Ce n'est pas la coquetterie, je me suis trompé, c'est la pudeur qui m'a fait tenir en arrière. Mettre sur niveau d'échange votre vie et la mienne,votre expérience du malheur et mes rêveries, votre lutte, vos souffrances, votre résignation, avec trois bouts de vers et deux mots de latin, c'eût été une véritable profanation, et je suis assez artiste pour éviter ce révoltant apparentement. Vous oubliez, Madame, que j'ai vingt ans, que je n'ai encore vu de la vie que ce qu'en connaît l'écolier rêveur, en écoutant s'éveiller sa pensée entre les deux pages d'un roman, et que, de vous à moi, il y a un abîme de valeur. Je suis déjà assez heureux que vous ayez levé pour moi le voile d'une belle âme, et je vous en remercie. Pour vous donner, comme en échange, ce que vous aurez de moi! oh non, mais comme hommage, comme acte de reconnaissance, et peut-être aussi comme retour mérité, à la bonne heure.
Vous, Madame, vous avez déjà fait vos preuves, vous avez montré des talents, et moi, je n'ai encore montré que des prétentions au talent ; vous avez eu des revers, et je n'ai pas eu de courage à déployer ; vous avez eu des vertus, et moi je n'ai eu que des tentations. Vous voyez qu'il n'y a pas égalité, et que quoique vous me tendiez la main, je suis tout au plus digne de baiser la trace de vos pas.
J'avais une masse énorme de choses à vous dire, mais hélas... il faudrait vingt-deux heures de conversation, car si je sais mal commencer, je sais encore moins finir. Vous avez la bonté de ne pas vouloir être étrangère à mon sort, et de me demander de vous parler de moi.
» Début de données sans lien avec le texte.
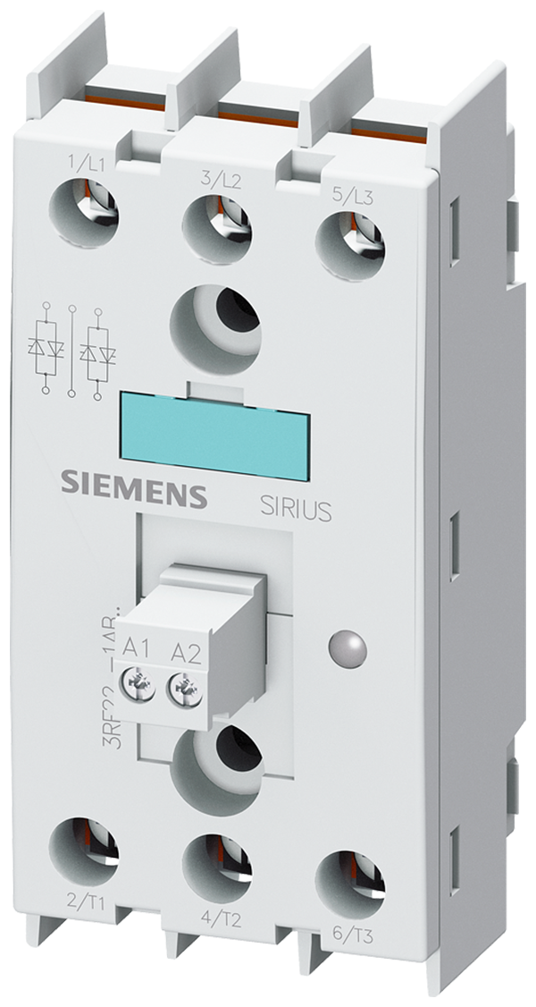 SIRIUS, Relé trifásico de estado sólido 3RF2 3RF2 55A 40 Grados C 48-600V / 4-30V DC 2 Fases Controladas Conexión por Tornillo tensión inversa 1200V
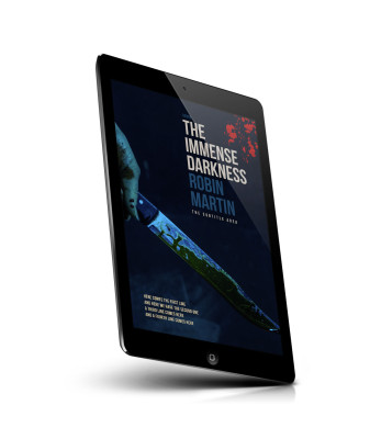 “A hand holding a blood-smeared knife against a dark background.”
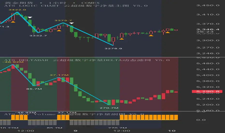 Gold futures 1-hour chart, observe that the subchart ATS NEY VOLUME is in a net inflow state.
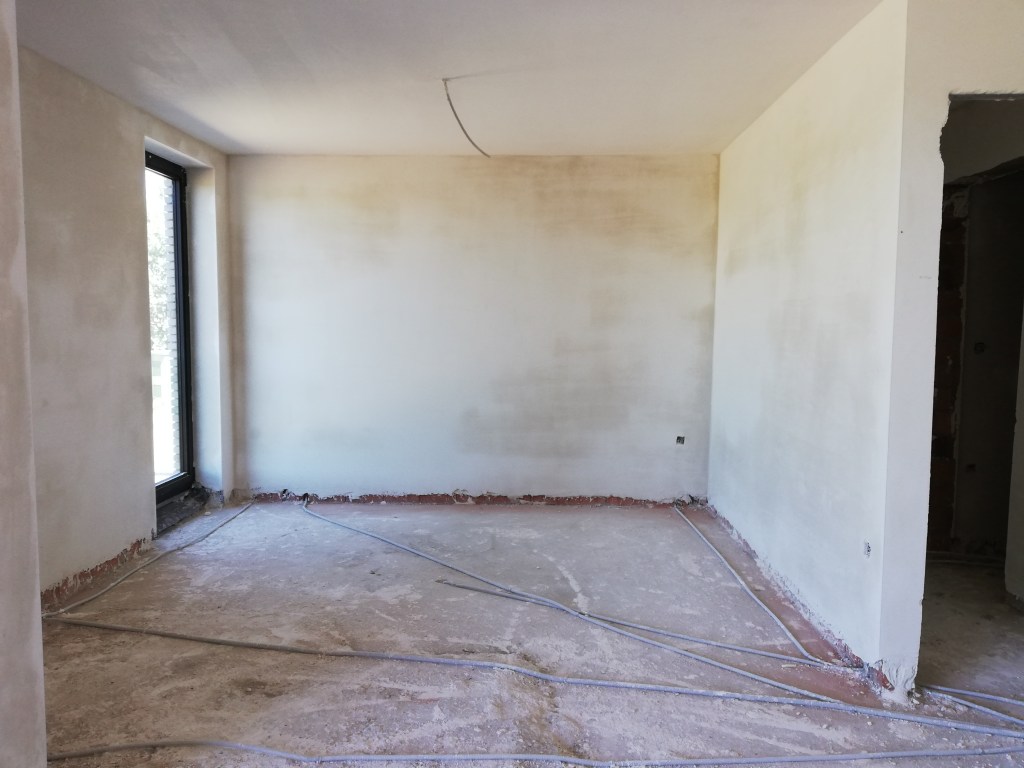 Juni 2019. Het appartement is bepleisterd. Een heel ander zicht dan rode bakstenen. Ik kon me de werkelijke ruimte nu beter voorstellen.
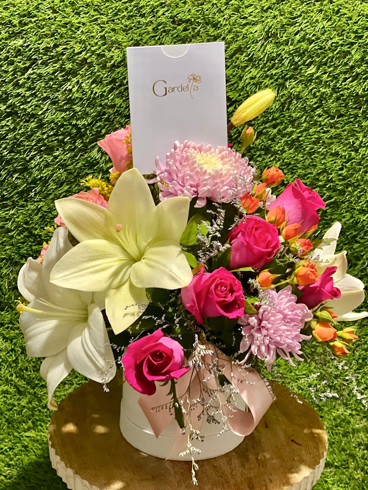 Caja con rosas, Lilys y Roxanas. Incluye tarjeta dedicatoria.
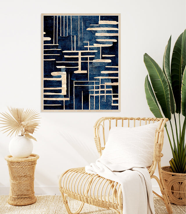 Printed on canvas with 20 mm wooden frame and framed with 37 mm depth black solid wood Box Frame, satin finish (details).
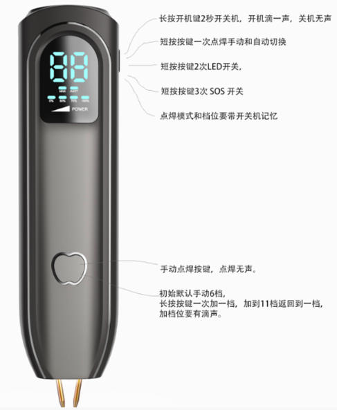 任何模式下連續(xù)短按2次,開關(guān)照明LED,方便昏暗環(huán)境對準(zhǔn)焊點,狀態(tài)掉電記憶。
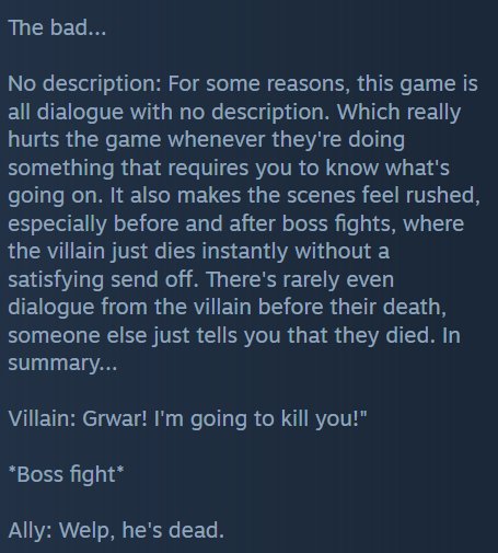 review. I always insist with my some of writers to not just write dialogue. That works in a movie, not a VN

Ce sera un peu long, je vous avertis, si vous me mettez sur ce chapitre, car mon existence tout intérieure est la moins facile à extraire et à raconter.
Au reste, mon passé est peu intéressant, mon avenir est encore zéro, et mon présent est la préparation de zéro. Voilà tout en peu de mots. J'aurais, certes, mon avenir de carrière, dont je pourrais vous entretenir, mais je préfère parler avec vous de mon avenir de coeur. Vous me dites : « arrangez votre vie de façon à n'avoir que de belles choses à me raconter, mais surtout afin d'être heureux. » C'est le der-nier point qui importe donc, et à ce sujet, j'aurais bien des choses à vous dire et à vous demander : vous dire que je suis avide de bonheur, et vous demander si c'est une femme qui peut le donner ; vous demander sur-tout, en conscience, de sang-froid, sans flagornerie, si vous connaisssez beaucoup de femmes comme vous, car c'est à peu près comme cela que je la veux, peut-être un peu moins sensible, pour être moins malheureuse avec moi, qui suis fort variable, mais religieuse, sans étroitesse ; élevée, intelligente, pénétrante, instruite, sans prétention ; artiste, sans tête folle ; coeur aimant et fidèle ; caractère ferme à l'occasion, Voyons, faites un peu la maman donnant ses conseils, cela sera gai, mais je vous assure que je n'en rirai pas.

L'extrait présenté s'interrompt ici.